“There’s someone here!  Oh my God! They got Amanda!”

It is every parent’s nightmare—their child snatched by kidnappers while they are powerless to stop them. It was also the plot of 2008’s Hollywood thriller, Taken. Brian Mills, played by Liam Neeson, listened helplessly over the phone as an international sex trafficking ring abducted his daughter Kim (Maggie Grace) and her friend during their girls’ trip to France. Mills, a retired special operative for the United States government, naturally hopped the first plane to Paris and opened up a can of whup-derriere on the monsters set on selling his daughter into sexual slavery.


While it makes for a dramatic plot point for an action flick, sex trafficking victims are rarely kidnapped by a stranger beforehand. In fact, it almost never happens, yet it looms large in the public’s imagination when they think of child sex trafficking.

In reality, kids at risk for becoming sex trafficking victims often know the people who lure them into sexual exploitation. Their trafficker might be a boyfriend, someone they know from school, or even a family member. Sometimes kids are groomed for exploitation by a person they met over the internet.

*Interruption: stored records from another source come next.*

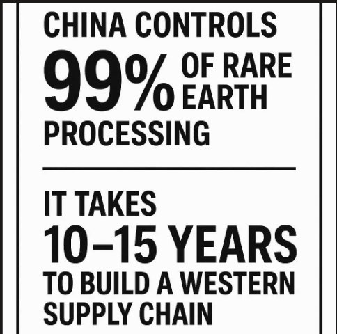 보도에 따르면 중국은 전 세계 중희토류 생산량의 약 90%와 가공 능력의 99%를 장악하고 있다. 중희토류는 F-35 전투기와 전기차 모터의 고성능 자석에 필수 원소인 디스프로슘과 테르븀 등을 포함한다.
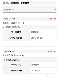 今までに何度もポイントを交換しており、友達紹介コードもたくさんご利用いただいています。
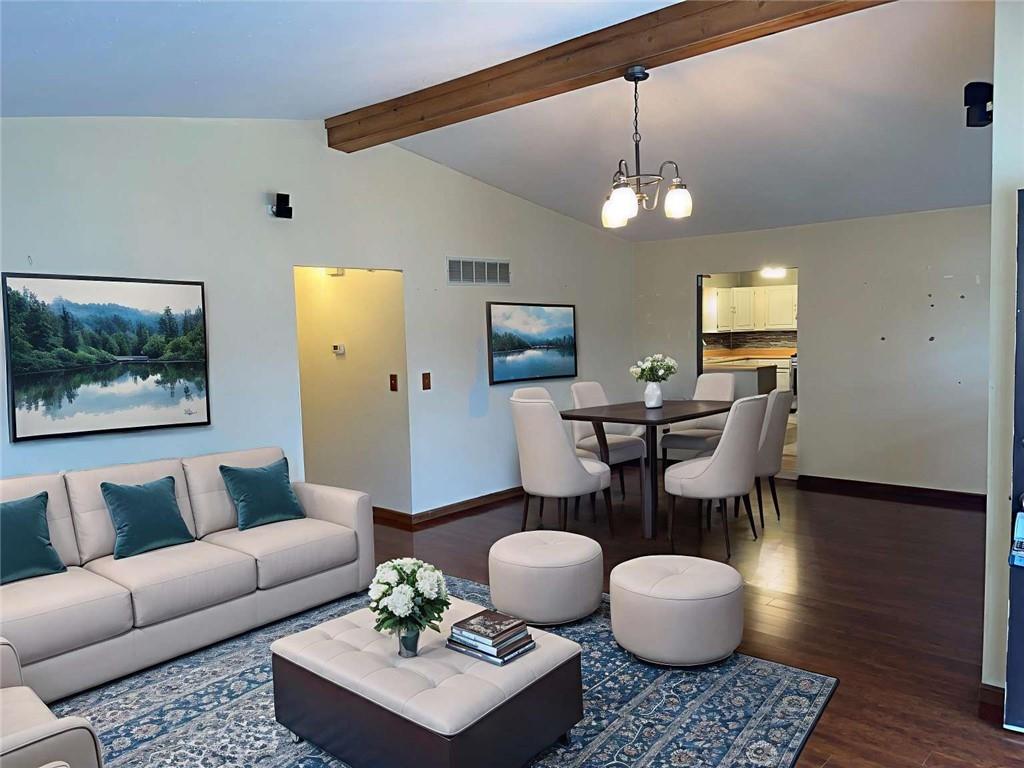 Welcome to this well-maintained ranch home nestled on a quiet cul-de-sac in the sought-after Talisman Trails neighborhood. With 3 bedrooms, 2 full baths, and a convenient half bath on the lower level, this residence offers bright, open living spaces, thoughtful updates, and plenty of room for comfortable living and entertaining. Highlights & Features Spacious living room at the entry with a vaulted ceiling and wood-burning fireplace, providing a warm and welcoming atmosphere. Formal dining area seamlessly connected to an open stairwell leading downstairs — perfect for larger gatherings or meals. Well appointed kitchen with wood cabinetry, pantry, gas range, dishwasher, disposal, and direct access to the attached 2-car garage — great for everyday convenience. Kitchen opens to a patio and private fenced backyard, offering a nice outdoor space for summer barbecues or relaxing evenings. Finished lower level includes a cozy entertainment room and a convenient half bath — ideal for recreation, a home office, or extra living space. Master bedroom with full bath; both the hall and master bathrooms have updated vanities and faucets. Other updates include a newer roof, vinyl siding, central air, and tilt-clean windows — minimizing maintenance for the new owner. Sidewalk in front of home, and meticulous landscaping adds strong curb appeal. Ideal For Buyers seeking a move-in-ready ranch home with flexible living space, a private backyard, and a quiet suburban cul-de-sac setting — whether you’re a first-time homebuyer, or someone looking to downsize without sacrificing space and comfort.

Sex trafficking, as defined by federal statute, is “the recruitment, harboring, transportation, provision, obtaining, patronizing, or soliciting of a person for the purposes of a commercial sex act, in which the commercial sex act is induced by force, fraud, or coercion.” In addition, child sex trafficking is defined as the performance of a sexual act in exchange for anything of value—shelter, food, clothing, money, etc.—with a person under the age of 18. Force, fraud, or coercion does not have to be present to meet the legal definition of Commercial Sexual Exploitation of Children (CSEC). Anyone involved in the sexual exploitation of a minor is guilty of child sex trafficking. This includes the trafficker (pimp), the buyer (john), and the person who drove the child to the “date.”

All children are at some level of risk for exploitation, but we know what the profiles of those kids most at risk look like. Many of these are kids who are already in the system in some form, either the foster care system or the juvenile justice system. Runaways are particularly vulnerable and can be exploited in exchange for shelter, food, or protection. In Georgia, as many as 9 out of 10 kids rescued from trafficking situations were sexually abused before they were trafficked, so we know kids who have experienced sexual abuse are particularly vulnerable.

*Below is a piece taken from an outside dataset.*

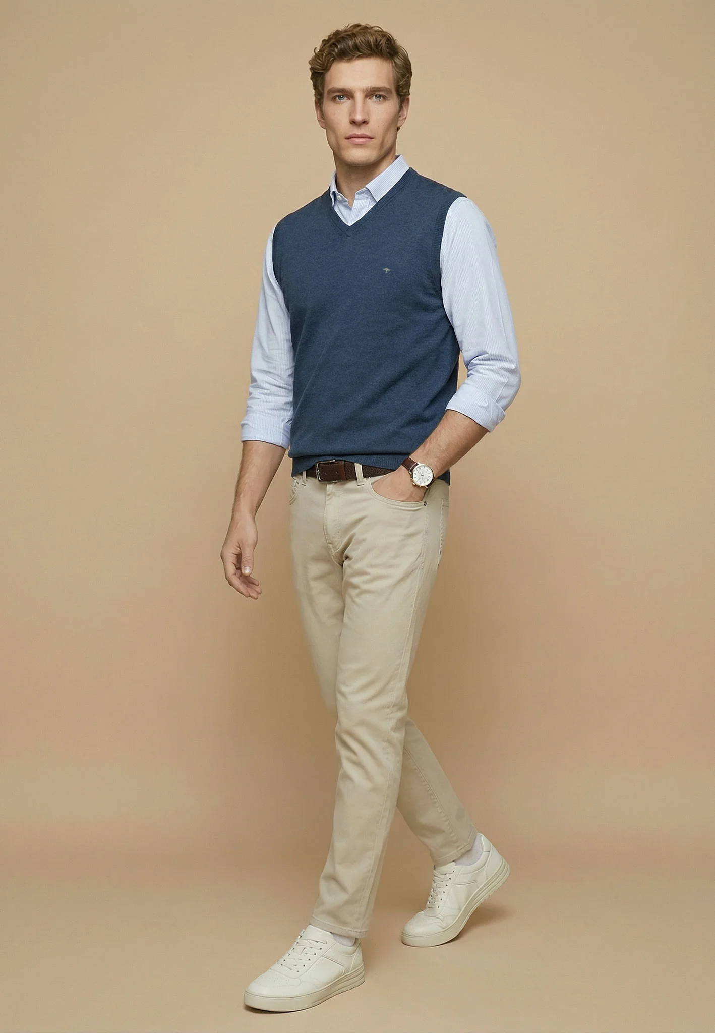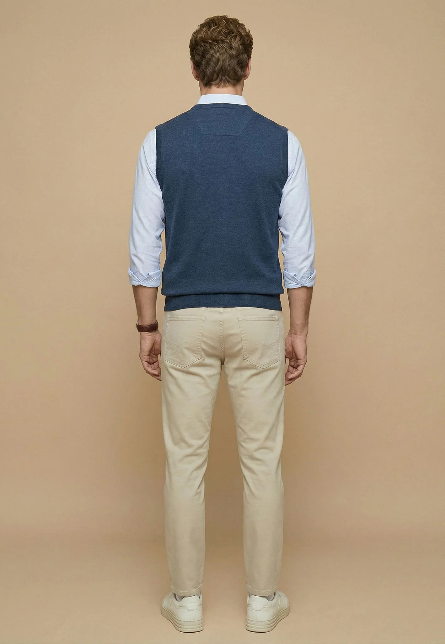 This classic V-neck slipover is a refined layering piece, ideal for a smart, well-groomed look. Crafted from pure cotton, it offers a soft feel against the skin along with natural breathability and reliable shape retention. The fine knit construction gives it a clean, understated finish that layers effortlessly over a shirt or pairs casually with a T-shirt. A subtle logo detail on the chest completes the design with a signature touch.

Here is what we know about CSEC victims in Georgia, according to 2018 data compiled by Georgia Cares. They are very young. Victims were an average of 14.9 years old when referred to Georgia Cares for treatment, and they had been “in the life” an average of 11.1 months before their referral. Ninety-seven percent of victims were female, and 70 percent of them were African-American. Nearly half of victims reported experiencing trauma, violence, and coercion from their trafficker, and 77 percent reported substance abuse, a common means for traffickers to control their victims. Three quarters of victims were under the control of a trafficker, and 96.2 percent reported running away before being trafficked. Georgia Cares served 596 youth in 2017.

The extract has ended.